**** Data shown
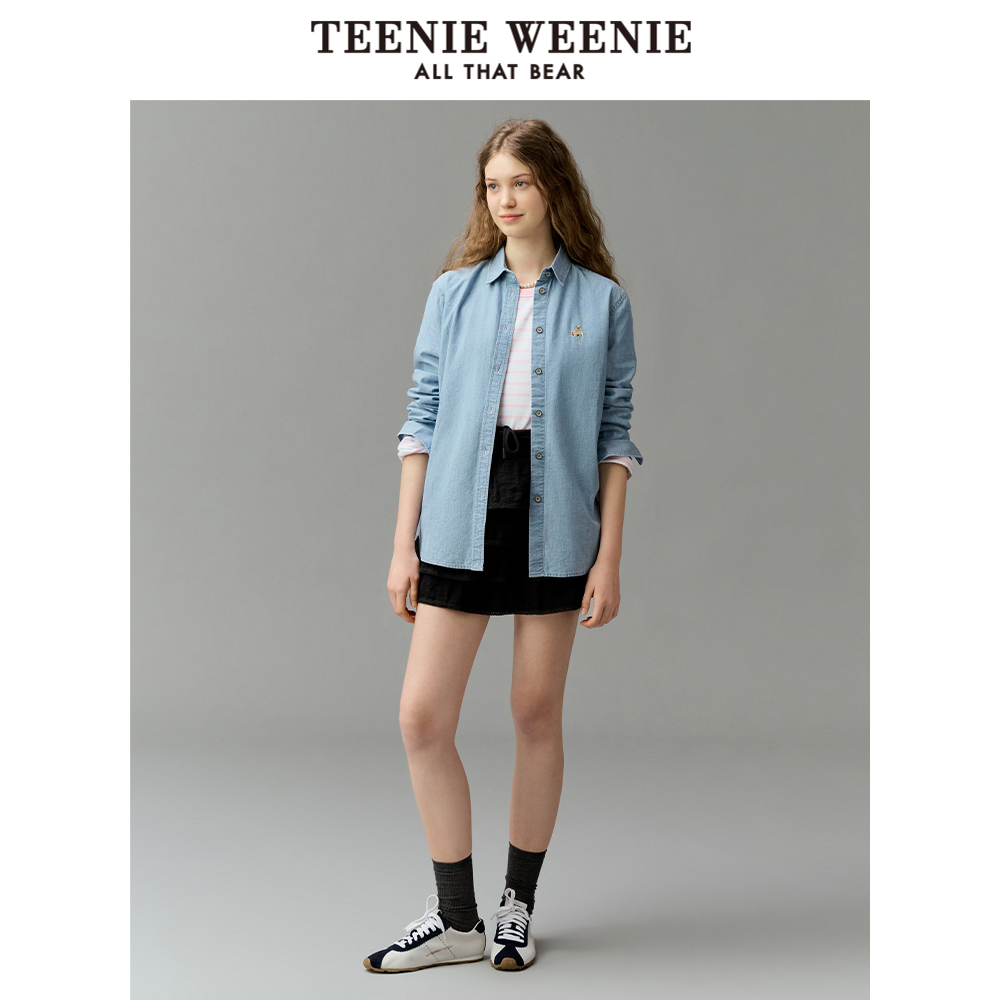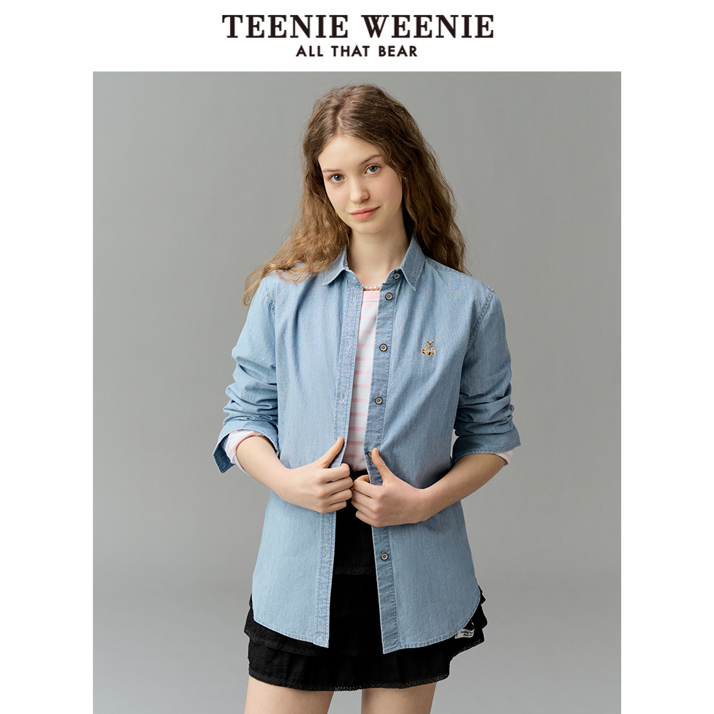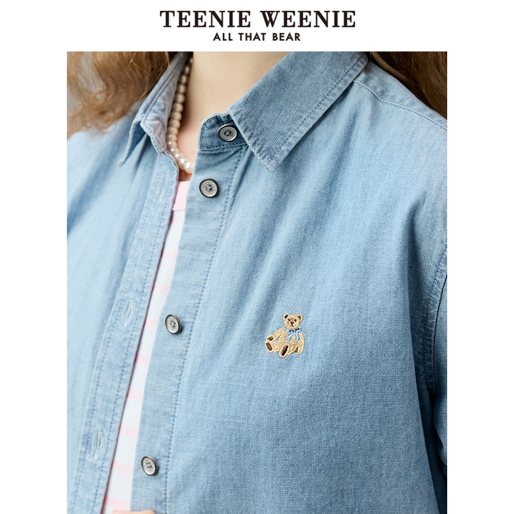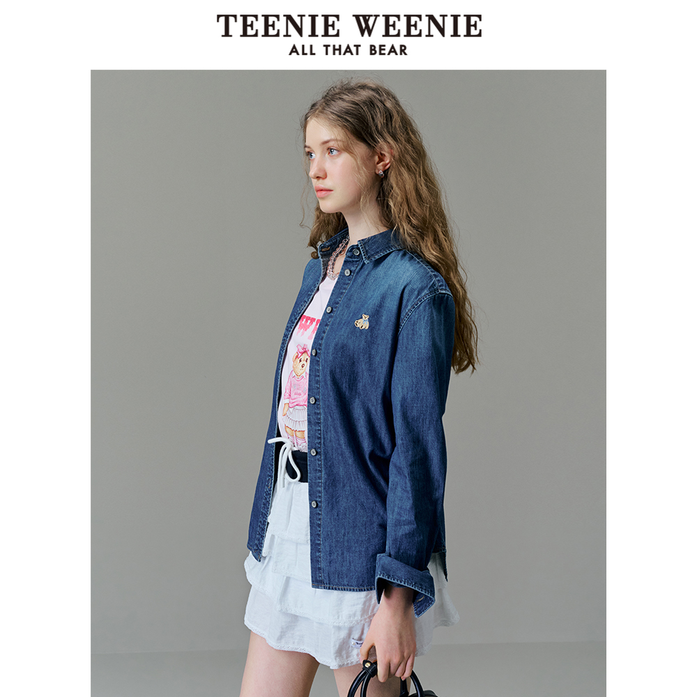 TeenieWeenie小熊女装衬衫2025年秋季新款休闲通勤字母刺绣牛仔衫
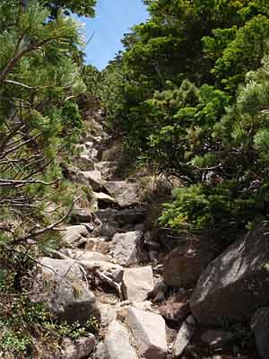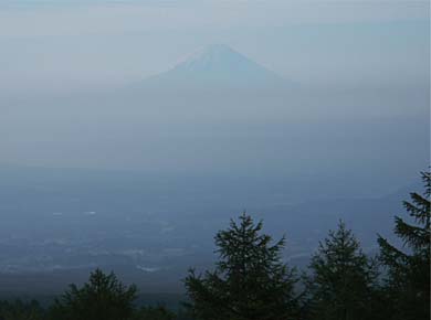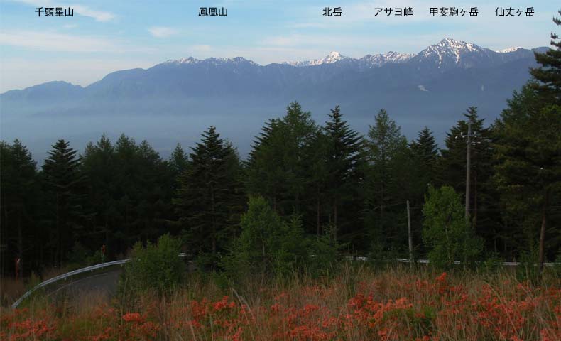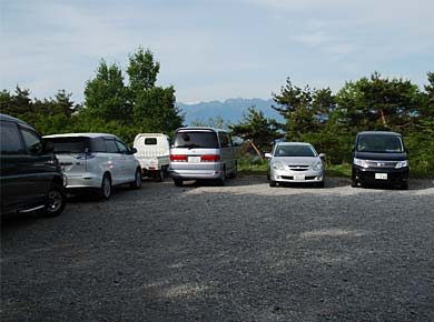 八ヶ岳南部はアルプス風のギザギザした岩山が連なっていますが、南端の編笠山は名前のとおりに単純な台形の山です。登り口の観音平への途中に南側の開けた展望地があって、南アルプスの眺めが見事でした↑。 ↓富士山も秋から冬のようではありませんが、何とか見えます。 ![]() 南麓の観音平(1580m)まで舗装道路があり、終点が駐車場↑になっていますが、そこで交通整理のような事をやっているので、そんなに混雑するのかと思ったら、ちょうどその日、地元の小淵沢小学校の登山があったようです。 |
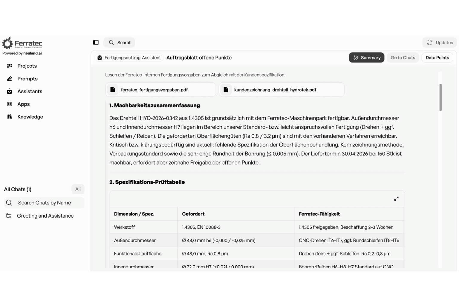Der neuland.ai HUB automatisiert die Erstellung von Arbeitsanweisungen, Prüfprotokollen und FMEA-Dokumentationen. Standardisierte Vorlagen und automatische Datenübernahme reduzieren den manuellen Aufwand erheblich.
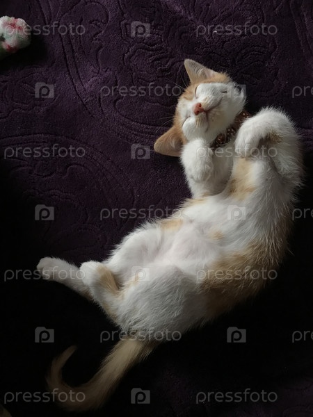 Маленький котенок. Окрас котенка рыжий с белым. Лежа на диване. Вид сверху
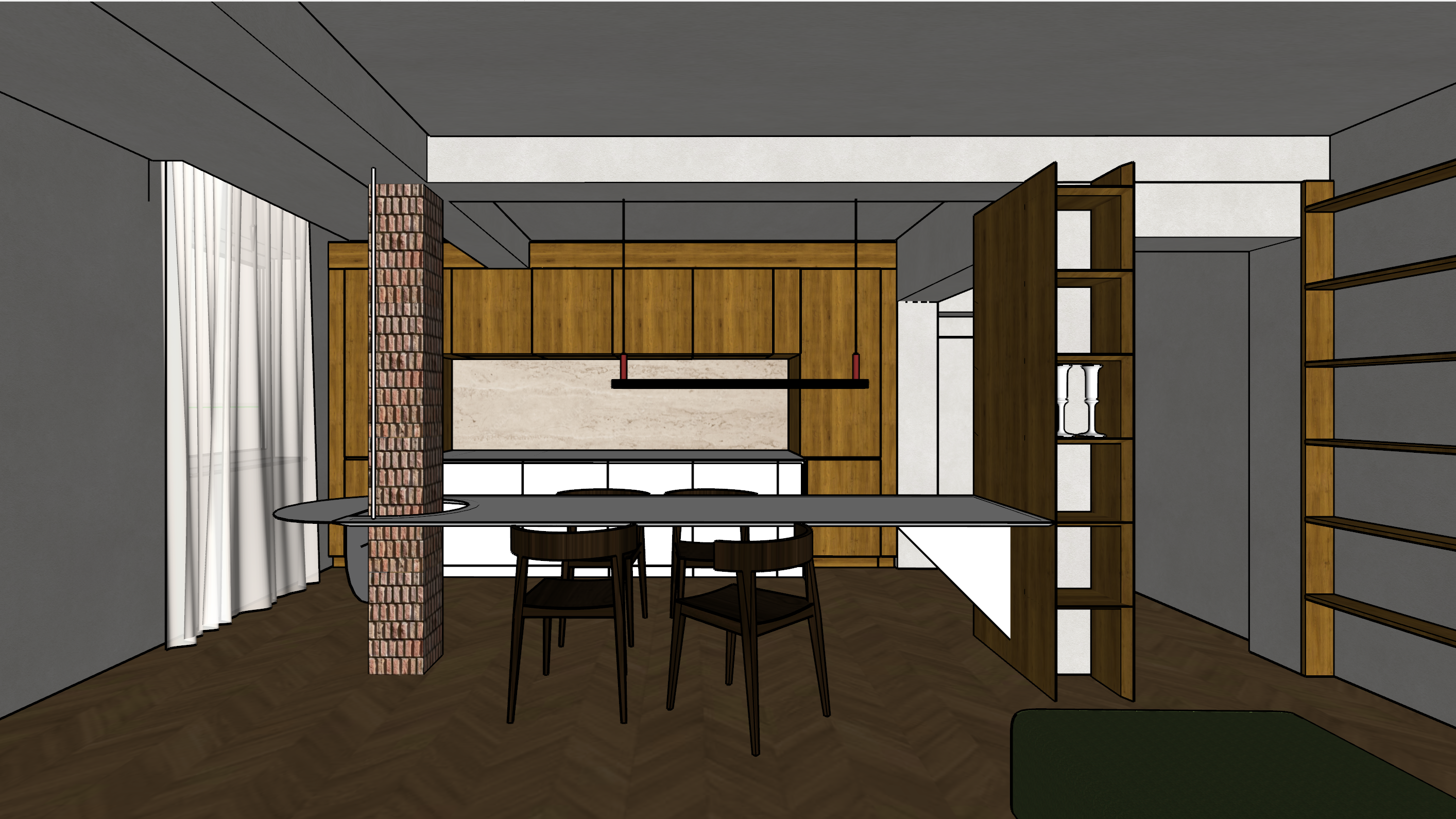photorealistic image walls and ceiling from light white beige microcement floor from light oak single window behind the linen curtains natural daylight bright atmosphere put some cups on the shelves
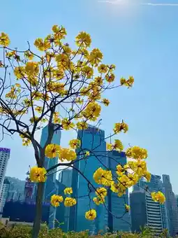 The lawn is green and perfect for picnics. Against the backdrop of the dazzling skyscrapers in the distance, it forms a moving urban landscape painting. Various brightly colored flowers are planted along the road, swaying gracefully in the breeze.
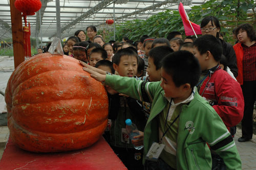 生态植物园里种出的210斤重的大金瓜,吸引了无数游客驻足欣赏
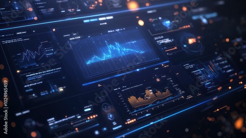 Futuristic digital dashboard displaying data analytics and visualizations.
********
To do
The answer must be an exact copy of the lines above, from the start of the records through the line with "生态植物园里种出的210斤重的大金瓜,吸引了无数游客驻足欣赏", and of nothing else; no pictures belong in it.

Reply
 TeenieWeenie小熊女装衬衫2025年秋季新款休闲通勤字母刺绣牛仔衫
 八ヶ岳南部はアルプス風のギザギザした岩山が連なっていますが、南端の編笠山は名前のとおりに単純な台形の山です。登り口の観音平への途中に南側の開けた展望地があって、南アルプスの眺めが見事でした↑。 ↓富士山も秋から冬のようではありませんが、何とか見えます。 ![]() 南麓の観音平(1580m)まで舗装道路があり、終点が駐車場↑になっていますが、そこで交通整理のような事をやっているので、そんなに混雑するのかと思ったら、ちょうどその日、地元の小淵沢小学校の登山があったようです。 |
Der neuland.ai HUB automatisiert die Erstellung von Arbeitsanweisungen, Prüfprotokollen und FMEA-Dokumentationen. Standardisierte Vorlagen und automatische Datenübernahme reduzieren den manuellen Aufwand erheblich.
 Маленький котенок. Окрас котенка рыжий с белым. Лежа на диване. Вид сверху
photorealistic image walls and ceiling from light white beige microcement floor from light oak single window behind the linen curtains natural daylight bright atmosphere put some cups on the shelves
 The lawn is green and perfect for picnics. Against the backdrop of the dazzling skyscrapers in the distance, it forms a moving urban landscape painting. Various brightly colored flowers are planted along the road, swaying gracefully in the breeze.
 生态植物园里种出的210斤重的大金瓜,吸引了无数游客驻足欣赏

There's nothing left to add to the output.